Every line of the data below is to be duplicated exactly, pictures excepted.

INFORMATION PROVIDED
>>>
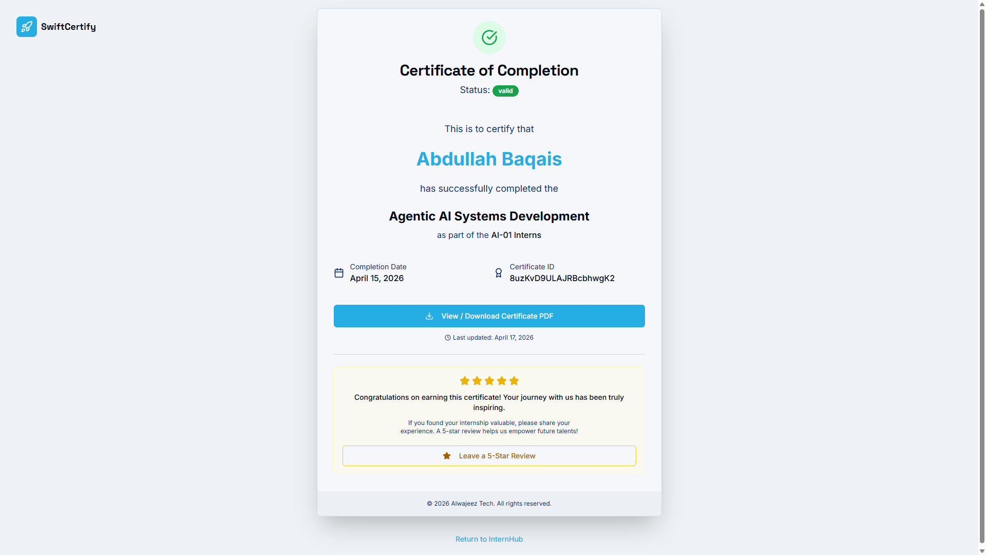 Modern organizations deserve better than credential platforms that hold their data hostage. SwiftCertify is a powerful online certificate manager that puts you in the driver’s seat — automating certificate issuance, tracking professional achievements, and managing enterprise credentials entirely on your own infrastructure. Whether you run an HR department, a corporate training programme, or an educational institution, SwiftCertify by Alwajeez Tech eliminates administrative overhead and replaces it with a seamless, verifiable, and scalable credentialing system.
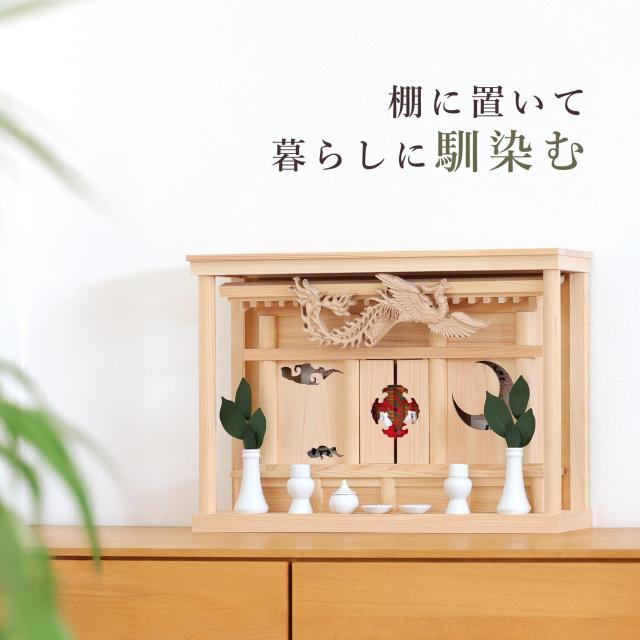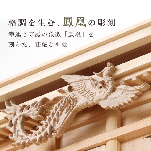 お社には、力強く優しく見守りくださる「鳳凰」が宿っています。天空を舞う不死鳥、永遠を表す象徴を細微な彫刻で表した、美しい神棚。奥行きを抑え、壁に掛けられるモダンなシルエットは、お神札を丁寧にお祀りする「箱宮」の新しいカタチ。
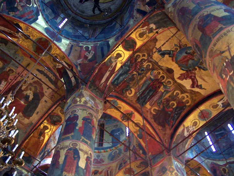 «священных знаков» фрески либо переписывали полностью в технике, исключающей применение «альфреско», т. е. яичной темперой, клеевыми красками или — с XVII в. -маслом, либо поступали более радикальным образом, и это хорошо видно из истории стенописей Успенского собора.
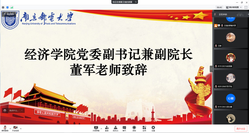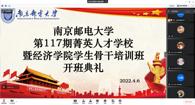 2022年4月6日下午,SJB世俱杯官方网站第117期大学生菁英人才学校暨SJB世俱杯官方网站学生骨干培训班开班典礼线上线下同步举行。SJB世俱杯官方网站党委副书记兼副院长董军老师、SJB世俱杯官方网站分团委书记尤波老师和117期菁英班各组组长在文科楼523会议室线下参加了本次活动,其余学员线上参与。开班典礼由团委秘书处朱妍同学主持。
<<<
OUTPUT OF THE TASK
 Modern organizations deserve better than credential platforms that hold their data hostage. SwiftCertify is a powerful online certificate manager that puts you in the driver’s seat — automating certificate issuance, tracking professional achievements, and managing enterprise credentials entirely on your own infrastructure. Whether you run an HR department, a corporate training programme, or an educational institution, SwiftCertify by Alwajeez Tech eliminates administrative overhead and replaces it with a seamless, verifiable, and scalable credentialing system.
 お社には、力強く優しく見守りくださる「鳳凰」が宿っています。天空を舞う不死鳥、永遠を表す象徴を細微な彫刻で表した、美しい神棚。奥行きを抑え、壁に掛けられるモダンなシルエットは、お神札を丁寧にお祀りする「箱宮」の新しいカタチ。
 «священных знаков» фрески либо переписывали полностью в технике, исключающей применение «альфреско», т. е. яичной темперой, клеевыми красками или — с XVII в. -маслом, либо поступали более радикальным образом, и это хорошо видно из истории стенописей Успенского собора.
 2022年4月6日下午,SJB世俱杯官方网站第117期大学生菁英人才学校暨SJB世俱杯官方网站学生骨干培训班开班典礼线上线下同步举行。SJB世俱杯官方网站党委副书记兼副院长董军老师、SJB世俱杯官方网站分团委书记尤波老师和117期菁英班各组组长在文科楼523会议室线下参加了本次活动,其余学员线上参与。开班典礼由团委秘书处朱妍同学主持。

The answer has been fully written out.